Numbers don’t lie — but do they tell the truth?
Members of the town’s Deer & Tick Committee believe tracking trends are important, but have only a single year of reliable numerical data on deer culls and other relevant information to guide their effort to decrease tick-borne diseases.
For that reason, committee members are opting to be cautious about releasing numbers they fear may lead to false conclusions.
At their March 1 meeting, members discussed changes they’ve seen this year from what little information they had in the past.
The number of deer taken in February on the New York State Department of Environmental Conservation (DEC) “deer damage” permit — the special permit lasts though the end of the month — is the same for this February as it was last year. Deer damage hunting helps communities overrun with deer by allowing special licenses issued by the DEC to hunt outside the regular hunting seasons.
The number of deer killed might be the same, but the number of hunters participating in the extended hunt has increased.
Does that mean that the effort to provide more incentives to hunters to participate in the longer hunting season is a failure? Maybe, maybe not, they conclude.
“It could be construed as a good thing,” Animal Control Officer Beau Payne said. But one year’s difference does not make a trend, he said. Other factors also may have been at work, Mr. Payne said.
• This has been a relatively mild winter, bringing out more hunters who may have previously abandoned hunting with the arrival of typical winter weather.
• There may be fewer deer on the Island, but no one here or in other communities seeking a way to count deer has come up with a reliable method.
• Hunters are allowed to use shotguns and bows and arrows, but not crossbows and that may discourage some hunters from participating unless there’s a change in the law. There are bills pending in both houses of the state legislature that could affect that ban, Mr. Payne said.
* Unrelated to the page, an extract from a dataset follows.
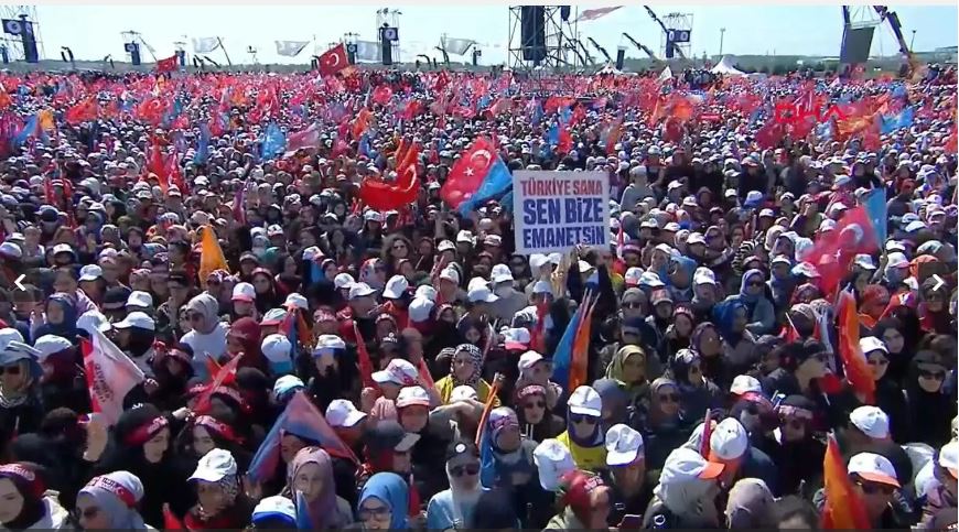 Ο Ερντογάν μίλησε σε ένα τεράστιο πλήθος, και ισχυρίστηκε ότι οι συγκεντρωμένοι στην ομιλία του έφτασαν το 1,7 εκατομμύριο, ξεπερνώντας την αντίστοιχη συγκέντρωση του Κεμάλ Κιλιτσντάρογλου ένα 24ωρο πριν. Δεν έμεινε όμως μόνο σε αυτό. Επιτέθηκε στον αντίπαλό του λέγοντας ότι «τον στηρίζουν οι μεθύστακες που έπιναν μπύρες μέσα σε τζαμιά κατά τις διαδηλώσεις για το πάρκο Γκεζί το 2013».

He has been on the job just under a year and said this year’s data will provide a base point for comparing future years and the varying factors that enter into those comparisons.
The town may have reached a point where it’s hit a plateau in terms of the number of deer that can be culled from the herd in a season, Police Chief Jim Read said. If future numbers show that to be the case, new strategies may have to be developed for increasing the cull, he said.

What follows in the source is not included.